From Chicago, he followed news of Shanghai’s two-month lockdown, the late-night bus crash that killed 27 people being taken to a COVID-19 quarantine facility in Guizhou, and many other reported costs of the zero-COVID policy, from the shuttering of businesses to the surging unemployment rate. The artist’s own family and friends have also been impacted.
Wu’s father, a professor in an eastern province, was punished by his university for fleeing an imminent lockdown and driving back to his Beijing home without his employer’s approval. His mother was prevented from visiting his ill grandmother due to travel restrictions. Many of Wu’s friends in the art industry lost their jobs, as galleries and exhibitions closed amid ongoing lockdowns.
“All these costs are born by every Chinese person, as tiny and inconsequential as specks of dust,” he said.
Compelled to Act
Wu, who studied at the Central Academy of Fine Arts in Beijing, has previously used mixed-media installations, sculpture and photography to explore issues facing today’s China. He decided to speak out against the CCP’s zero-COVID policy by staging his Times Square performance on Oct. 16—the opening day of the CCP’s 5-year political conference, the most important event on the regime’s political calendar.

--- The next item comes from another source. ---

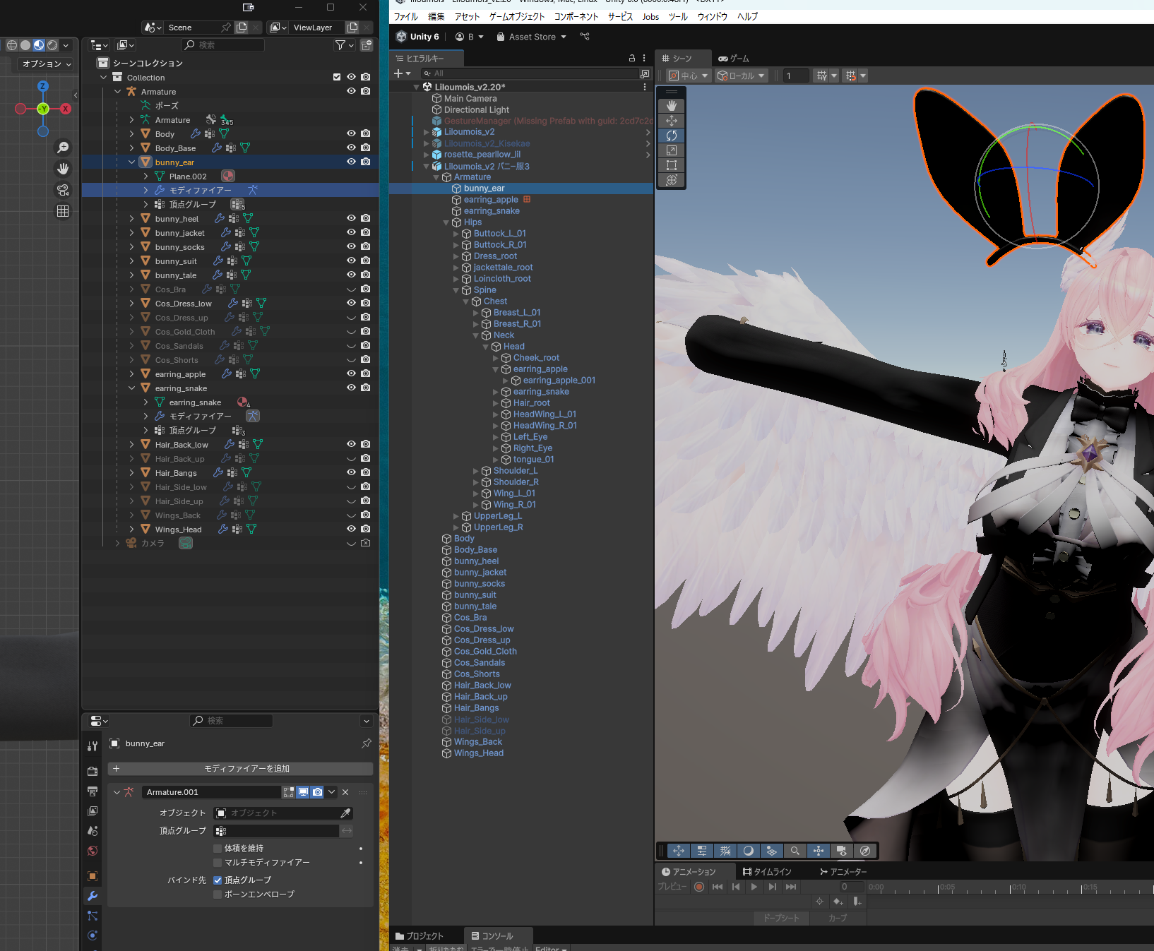 Blender 2025.08.31 Blenderのアウトライナーではアーマチュア、メッシュ共に正しく配置できているように見えても UnityにFBXインポートするとメッシュがアーマチュアの中に入り込んでしまう。 原因: Blender側のメッシュのモディファイアーで、Armatureのオブジェクトが外れていることがある。 切り分け: Unityに持っていってMagicaCloth2を適用したところボーンは動いていて、メッシュが付いてこない。でもBlenderでウェイトペイントは正しくできている。

Such a performance would be unthinkable in China, where artists have faced increasingly stringent censorship. But staging it in New York could also carry risks for Wu and his family.
The artist said he was worried about his parents’ safety back in China, fearing they could be subjected to potential retaliation from the CCP. But he said he nonetheless felt compelled to proceed with the project and to express years’ worth of suppressed emotions toward zero-COVID.
The CNN Wire contributed to this report.